Once part of the city’s fortifications, Riga Castle was built in 1330 as the headquarters of the Livonian Order, the group of knights also responsible for the castle in Sigulda. Today Riga Castle serves as Latvia’s presidential palace.
On the northern edge of Old Riga stands the 14th century Powder Tower, the lone survivor of the 18 which once surrounded the city. After the defensive wall was torn down, the tower was rented by a German fraternity. Today it houses the Museum of War.
The long lemon-yellow building adjacent to the Powder Tower is Jacob’s Barracks, an 18th century military garrison that has been converted into a pedestrian-friendly dining and shopping complex. The only remaining section of Riga’s city wall runs parallel to the barracks.
One of the oldest streets in Riga, Troksnu Iela (Noise Street) got its name because guards standing on the city wall would shout and cause a commotion whenever they saw enemies approaching. I can’t imagine that was pleasant for residents of the neighboring houses.
In 1698, a stone gate was built in Old Riga to commemorate Sweden’s occupation of the city. Interestingly, the local executioner lived above the so-called Swedish Gate and would put a red rose on the windowsill when he was about to go to work.
One of the most popular tales of Rigan folklore revolves around the Black Cat House, so-called because of the cat statues perched on the roof. According to local legend, the owner of this building was rejected from the merchants’ guild across the street. In revenge, he installed black cats on his roof with the tails facing the guild. The distressed merchants agreed to admit him so long as he turned the cats around.
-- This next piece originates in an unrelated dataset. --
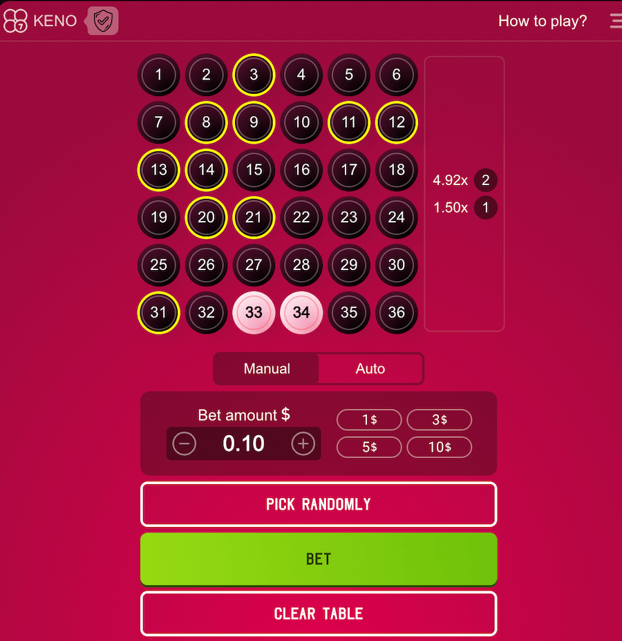 Depois de ficar satisfeito com as apostas selecionadas, você pode proceder e escolher os números desejados. Você pode apostar em 1 a 10 números, mas com tantas versões de Keno disponíveis, esse número pode variar muito de uma variação para outra.

Last but not least is Livu Square, the liveliest entrance to Old Riga. The square, which owes its existence to WWII damage, is flanked by the Russian Drama Theater, the medieval guild halls, and a row of colorful buildings turned touristy restaurants. Yet more beer gardens fill the square come summer while another Christmas market is set up during the winter.
For the past eight months, I’ve walked around Old Riga, admiring its unique mix of architecture and delving into its fascinating history. I still can’t believe I get to call this charming place home!
Do you have a favorite spot in Old Riga? Which of the city’s architectural styles do you prefer?